Born in Eretz Israel in 1945 Garbuz studied painting with Raffi Lavie. He subsequently abandoned abstraction for subject matter, albeit expressed through formal means. Collages of photographed objects and printed captions, combined with interplay of line and color, create compositions conveying a content of personal, cultural, and social significance. The artist expression is deliberately simple and undecorative: "poor" materials - a plywood support, white paint applied with coarse strokes, and letters copied in Letraset with little regard for smooth finish. Garbuz employs the written text as a conceptual element of artwork.

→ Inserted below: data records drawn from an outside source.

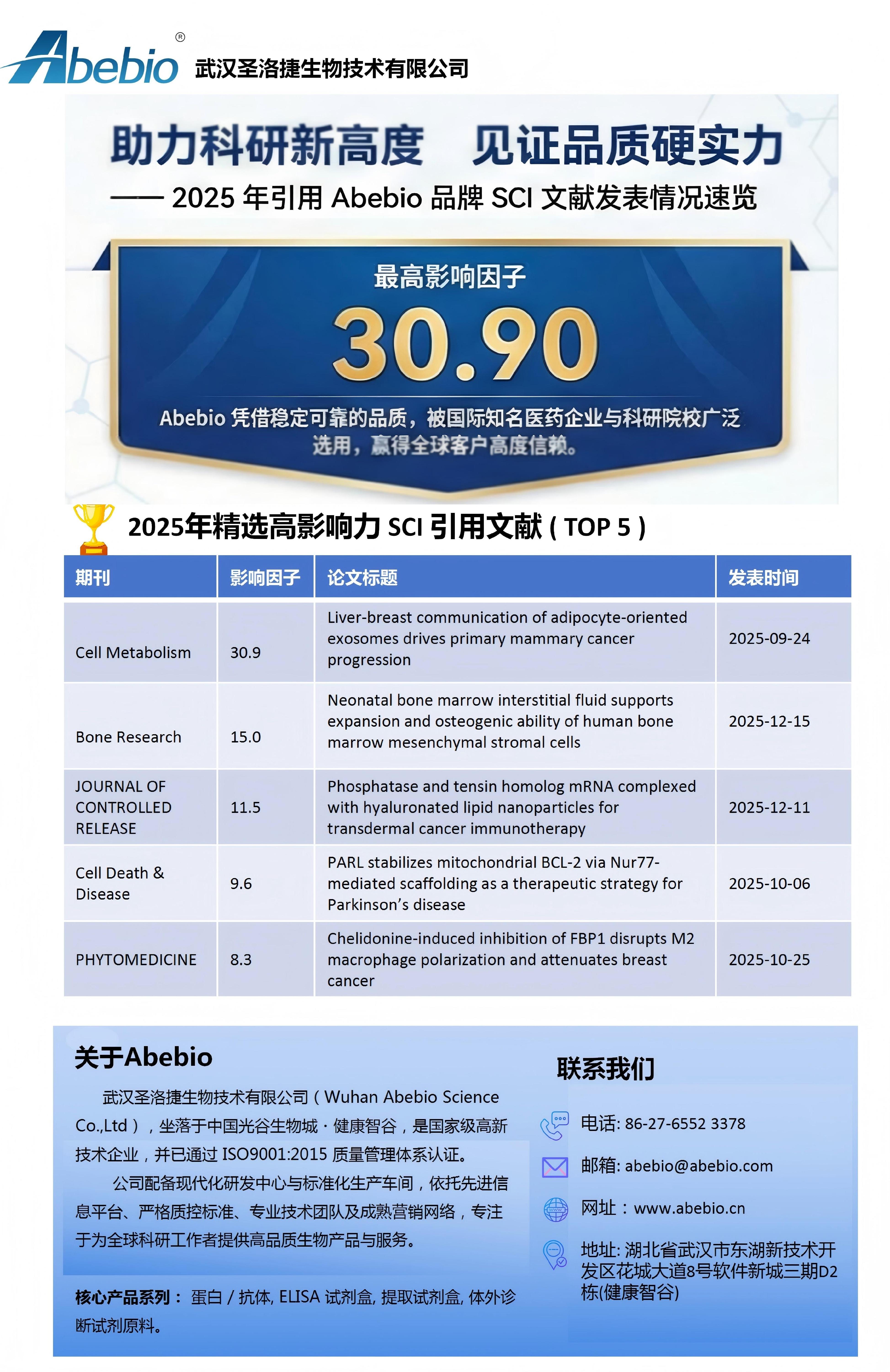 Current Position: Home>>新闻动态>>公司新闻 >>2025年引用Abebio品牌 SCI 文献发表情况速览
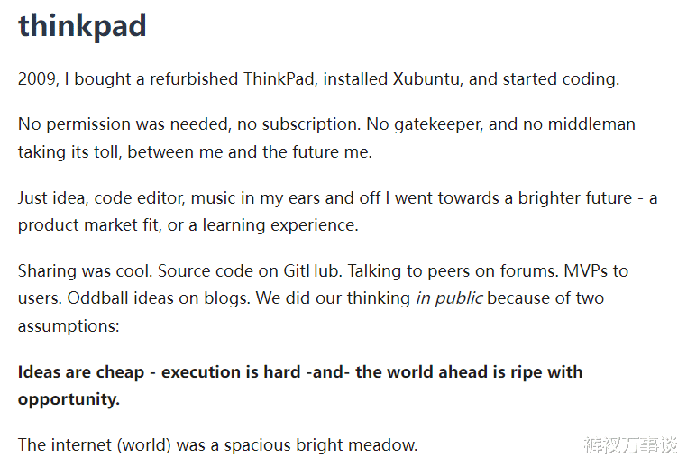 先回到2009年。我花了两千多块,买了一台翻新的ThinkPad。装上Xubuntu,然后就开始瞎折腾代码。那时候不需要问谁要许可,不需要交月费。没有守门人,没有中间商抽成。就一个想法,一个编辑器,耳机里放着歌,我就觉得自己能走向光明的未来。
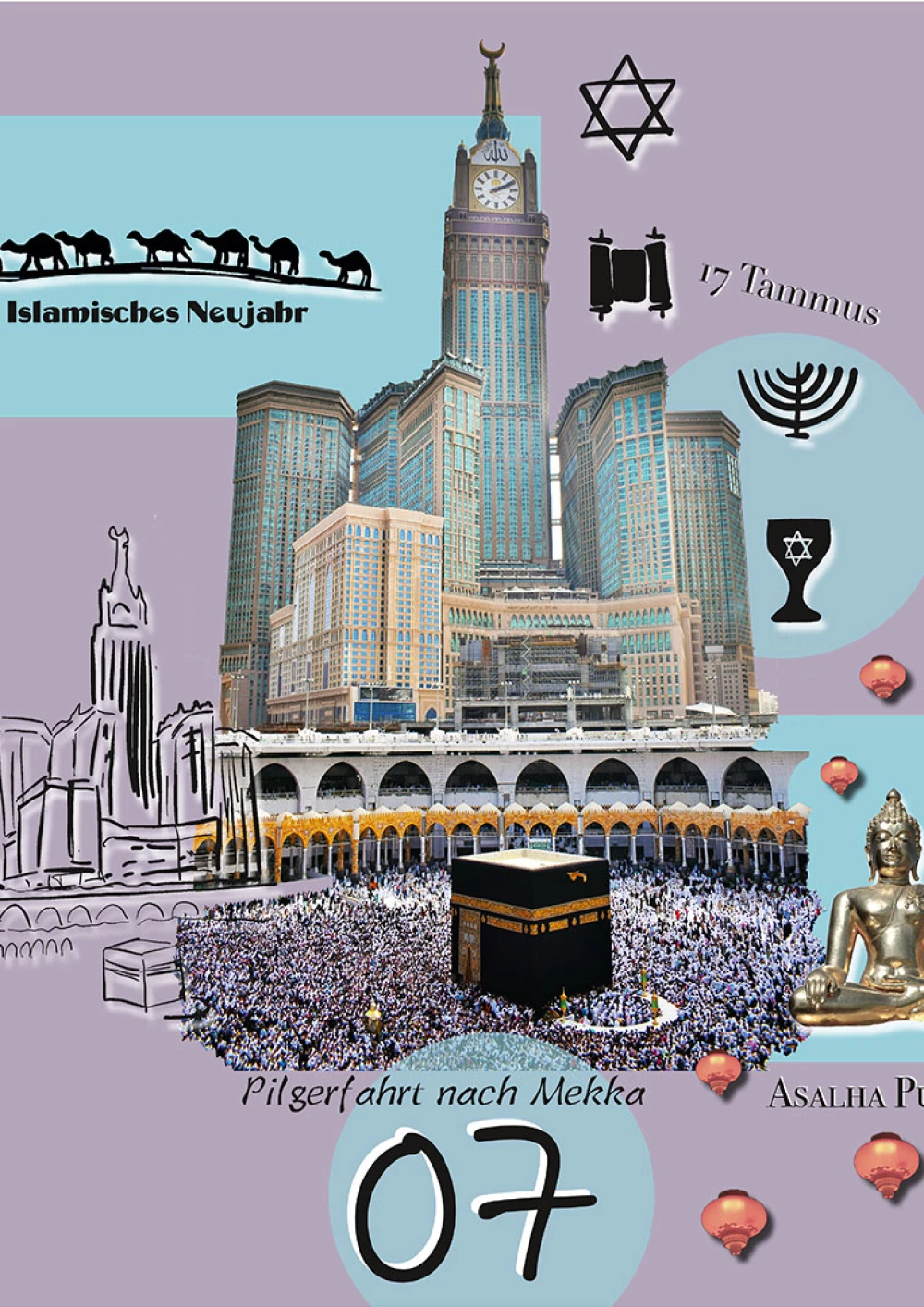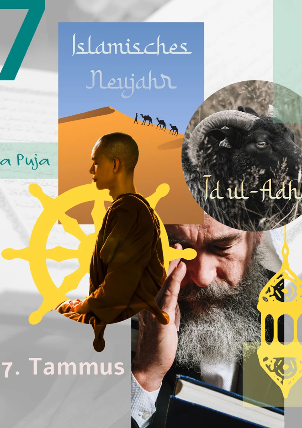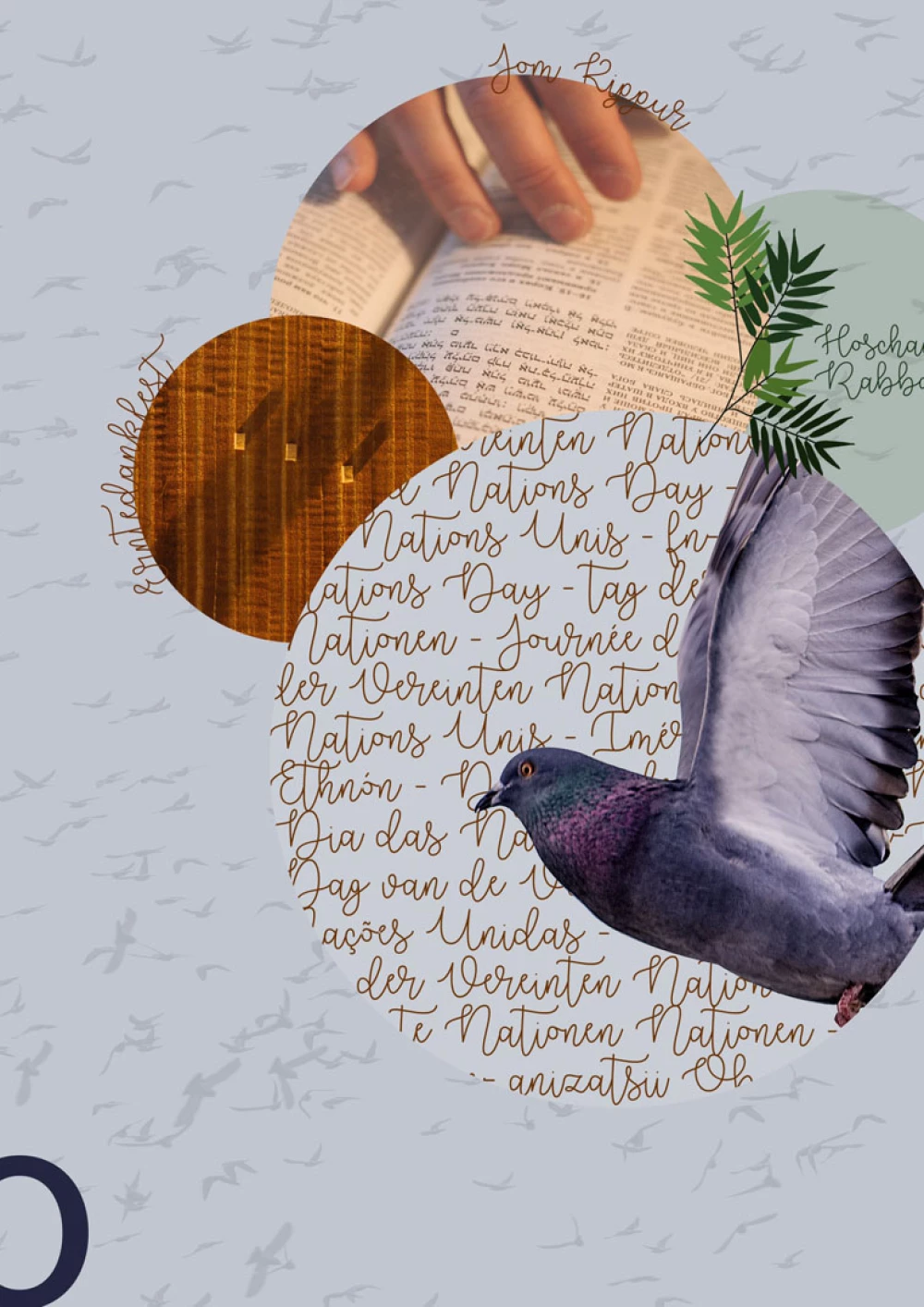 Mit einer aufstrebenden Anordnung werden die Motive für den Kalendermonat stimmig in Szene gesetzt und unterstützen dabei den Fokus auf den in diesem Monat stehenden Gedenktag. Für den Monat Oktober stand neben den Festen Jom Kippur, Hoschana Rabba, Erntedank, der Gedenktag “der Tag der vereinten Nationen” im Mittelpunkt des Kalenderblatts. Dieser Gedenktag wird durch eine vertikale Fläche und eine runde Umfassung in den Fokus der Komposition gerückt. Die weiteren Feste staffeln sich hier am Bildrand. Die einzelnen Elemente habe ich in unterschiedlichster Form und unabhängig voneinander kreiert und erarbeitet. Dabei ging eine intensive Auseinandersetzung der einzelnen Religionen und Kulturen voraus. Bei der Bearbeitung der Elemente habe ich versucht eine ausgewogene Mischung aus Fotografischen aber auch händisch produzierten Elementen zu finden. Das Zusammenwirken der einzelnen Elemente bestimmte für mich den Verlauf meiner Arbeit und führte mich zu mehreren Umsetzungen.

Words and sentences transform the painting into a narrative, and some of his works have indeed used by the artist as scripts for films. Garbuz took part in the activities of 10+, a group of artists who joined forces in the 1960s and 1970s, united by their Tel Aviv background. They worked together on exhibitions and shared an ambivalent approach to the sacred myths of their parents as well as to questions pertaining to Israeli art, deliberating whether it should be national or international in outlook, committed to topically or to abstraction.
Studies: With Rafi Lavie; Avni Institute, Tel Aviv.
Prizes: 1999 IDB Prize for an Israeli Artist, Israel Museum, Jerusalem;
2000 Minister of Science, Culture and Sport Prize.
Exhibition: 1968 Bucharest Romania, "The Israel Painter".
Director of Art Teachers' Training College, Kalmania.